Every time I could hear in his voice that he was edging toward whiny or frustrated I immediately asked, "Do you need a safe space right now?"

In this way I intercepted a fight over who got to ride the scooter; who got to sit in the middle of the couch for "Caillou" and who got served a second helping of dinner first. It was not a perfect day ~ twice I caught him hurting his brother. Still, there was one great moment when he shouted "Mommy, Safe Space!" and headed off his own potential conflict.

Another wonderful moment - when the little brother called out "Safe Space, Safe space!" and I rushed in to find the older one with fist clenched and drawn back, not having hit yet.

"Are you hungry?" I asked - and the fight was averted.
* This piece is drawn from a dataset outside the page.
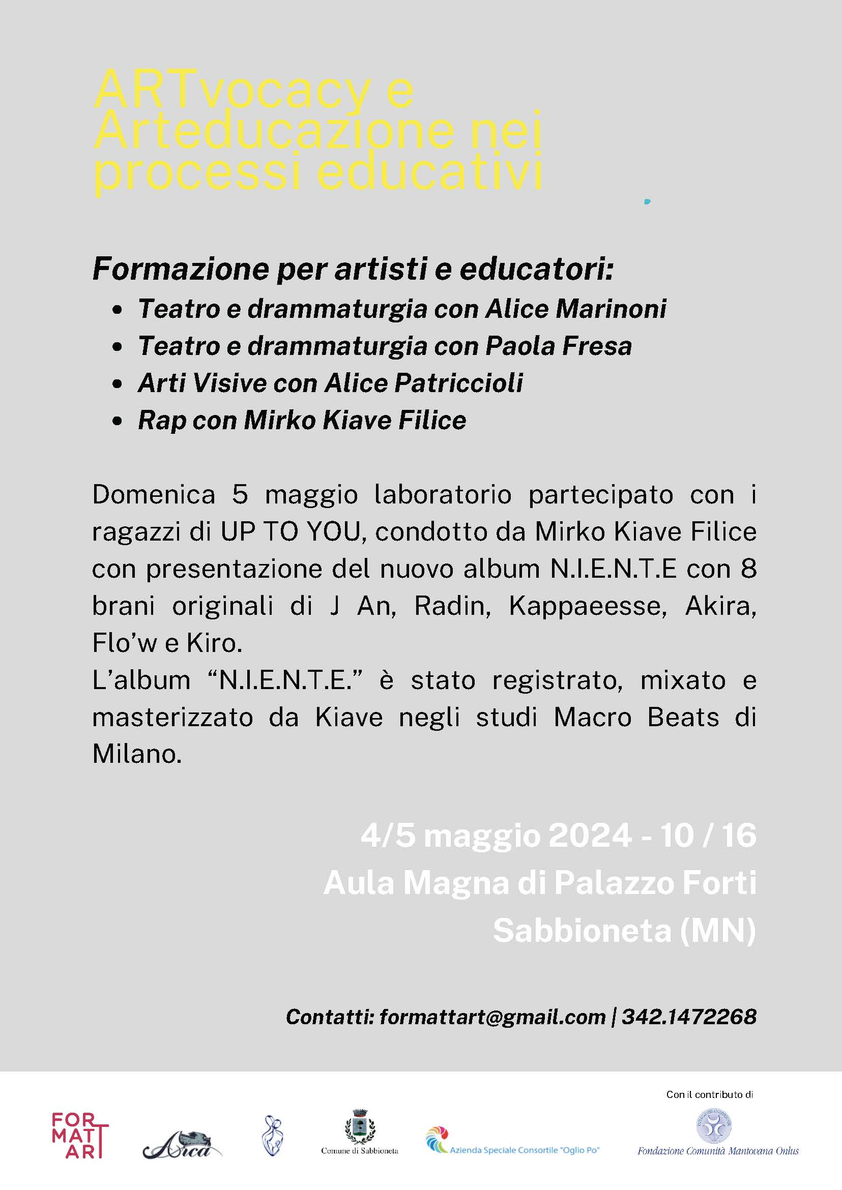Per Informazioni ed iscrizioni (aperta fino a 2 maggio) contattare: formattart@gmail.com | 342.1472268
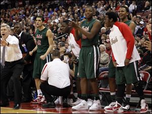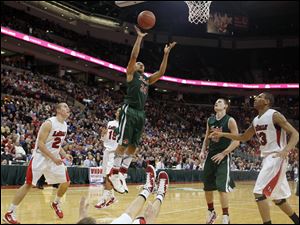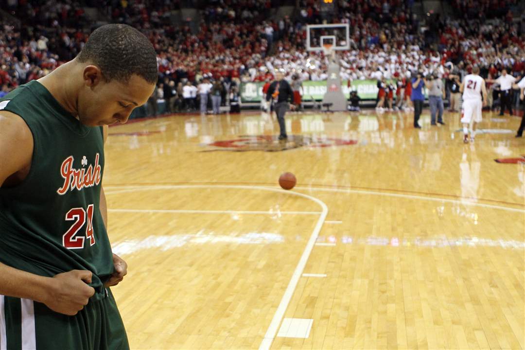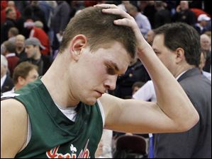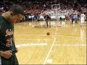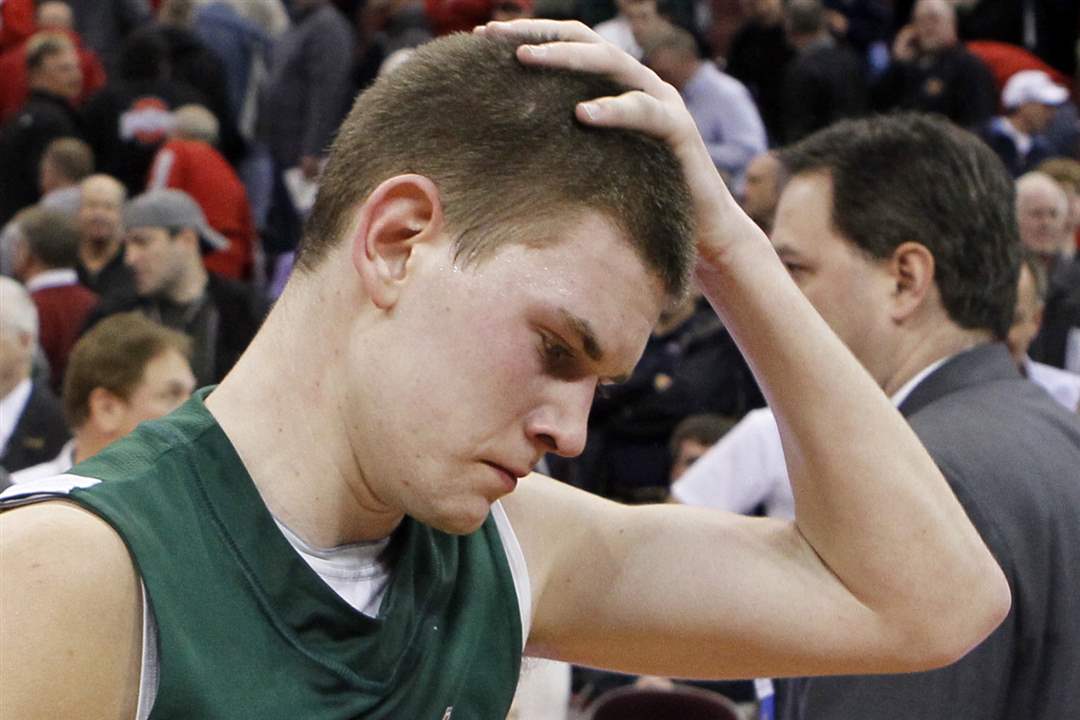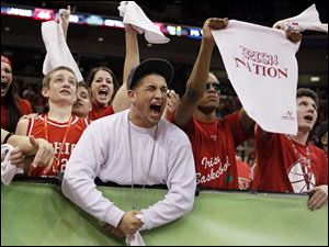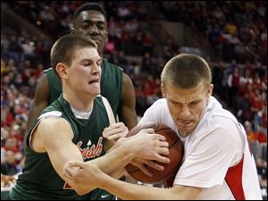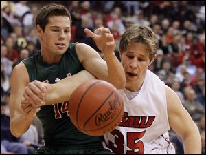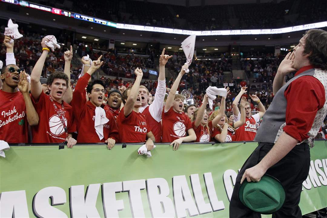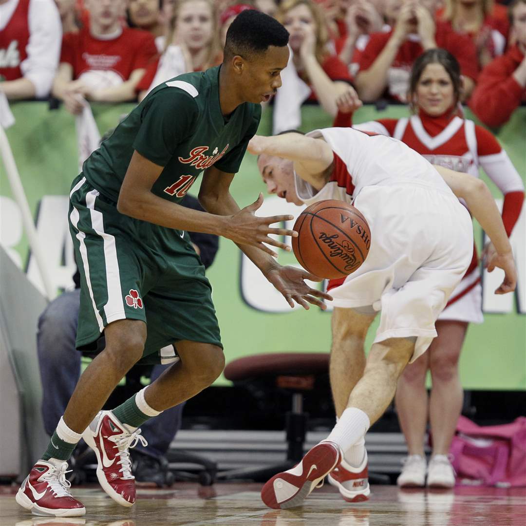 Central Catholic's Andrew Lehman (20) and Benjamin Dent (24) lead the team onto the floor against Cincinnati LaSalle during a Division I state semifinal in Columbus. The Irish lost 48-46.

I'm not sure yet whether this new strategy will pay off in the long term, or even what our therapist actually thinks of it. She kindly wrote me back today and suggested that I pick up a copy of a book called "Wheel of Choice" and then co-create a unique Wheel of Choice with our son giving him multiple options for how to solve the stresses or frustrations that he is experiencing... using the "Get a Snack", "Exercise", or "Private Journaling Time" as three of his choices on the wheel.

I haven't had much time to look into the Wheel of Choice she mentioned yet but it seems very interesting. Once again I am so impressed with this therapist who clearly knows a great deal about positive discipline and parenting. I'm so grateful to have found her, and glad I came to the conclusion that it didn't matter that she lives in our neighborhood. Help is help - and we need help.

Tonight when I put the kids to bed, I gave each son a high-five for managing to make it through the entire day fairly peacefully. "Nice work guys!" I hugged them. "I'm so proud of you both."

I know it is only one day; but even a single day without the stress of emotional conflict is a good day for me. I'm grateful for the respite from battle. I'm grateful for the opportunity my boys have to become better friends when they actually manage to spend time together without friction. I'm especially grateful for the fact that they're always willing to try out the wacky ideas I come up with to try to resolve our family problems... and that I'm still optimistic enough to keep coming up with new solutions to try out.

So... one giant step backward, but still persistently (stubbornly!) inching forward in the best way we know how.